Modern inelastic material model formulations rely on the use of tensor-valued internal variables. When inelastic phenomena include softening, simulations of the former are prone to localization. Thus, an accurate regularization of the tensor-valued internal variables is essential to obtain physically correct results. Here, we focus on the regularization of anisotropic damage at finite strains. Thus, a flexible anisotropic damage model with isotropic, kinematic, and distortional hardening is equipped with three gradient-extensions using a full and two reduced regularizations of the damage tensor.

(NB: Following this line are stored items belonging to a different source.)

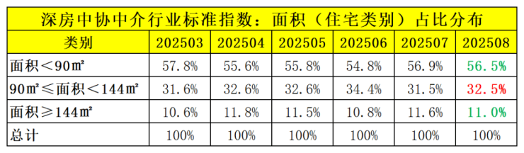 面积分布:8月二手住宅类别中,录得面积大于等于90平方米小于144的房源占比较上月提升1.0个百分点。(注:表中红色字体代表较上月上升,绿色代表下降)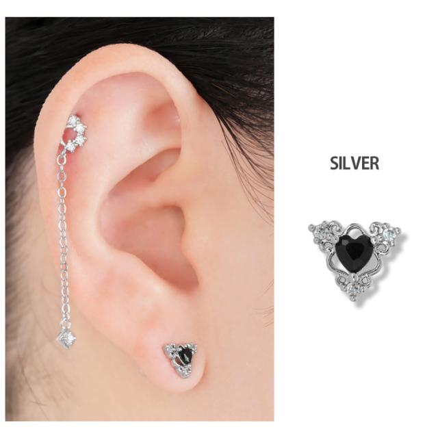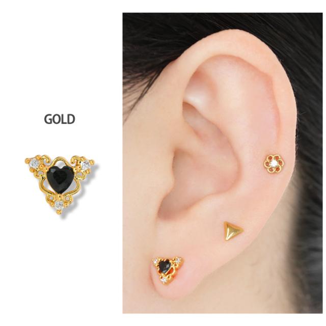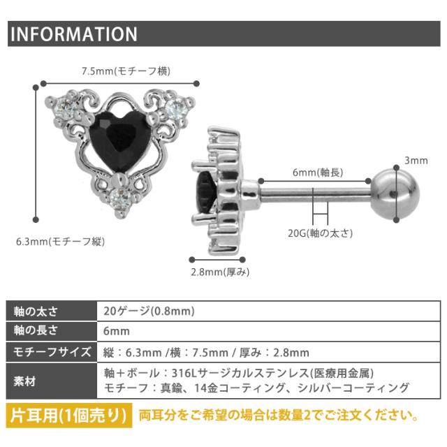 ブラックカラーのハートにゴシック調のフレームデザインが甘辛ミックスでおしゃれなストレートバーベル。 厚みがあってシンプルでも存在感があります。 太さは普通のピアスと同じ20Gなので、どなたでもお使いいただけます。 軸とボール部分はサージカルステンレス製ですが、モチーフは真鍮製ですので、アレルギーの強い方はお控えください。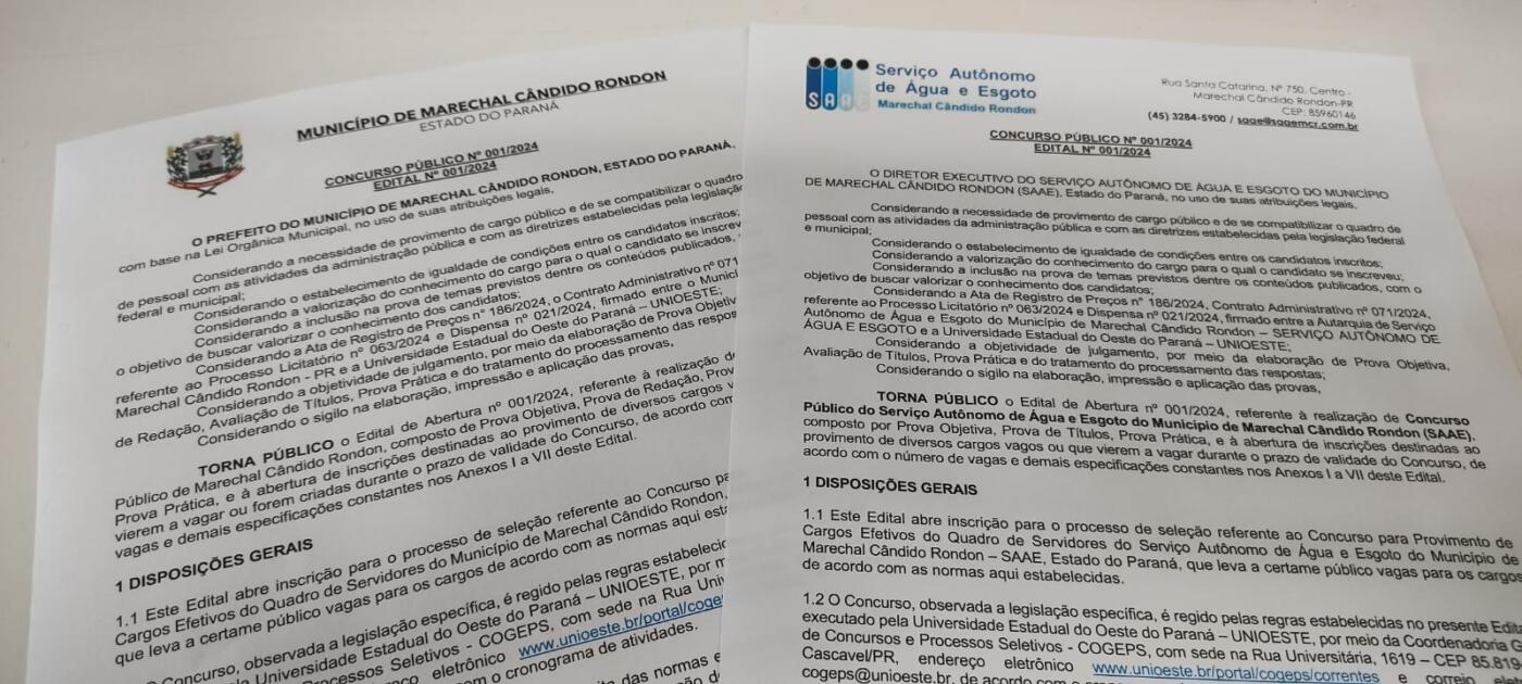 Dois editais foram publicados no Diário Oficial Eletrônico da prefeitura de Marechal Cândido Rondon nesta terça-feira (30), referentes à realização de concursos públicos para a prefeitura e para o Serviço Autônomo de Água e Esgoto (Saae).

Theoretical and numerical comparisons of the three gradient-extensions yield excellent agreement between the full and the reduced regularization based on a volumetric-deviatoric regularization using only two nonlocal degrees of freedom.

翻译：现代非弹性材料模型公式依赖于张量值内部变量的使用。当非弹性现象包含软化时，前者的模拟容易产生局部化。因此，对张量值内部变量进行精确的正则化对于获得物理正确的结果至关重要。本文重点研究有限应变下各向异性损伤的正则化。为此，一种具有各向同性、随动和畸变硬化的柔性各向异性损伤模型配备了三种梯度扩展，采用损伤张量的完整正则化和两种约化正则化。三种梯度扩展的理论和数值比较表明，基于仅使用两个非局部自由度的体积-偏量正则化的完整正则化与约化正则化之间具有极好的一致性。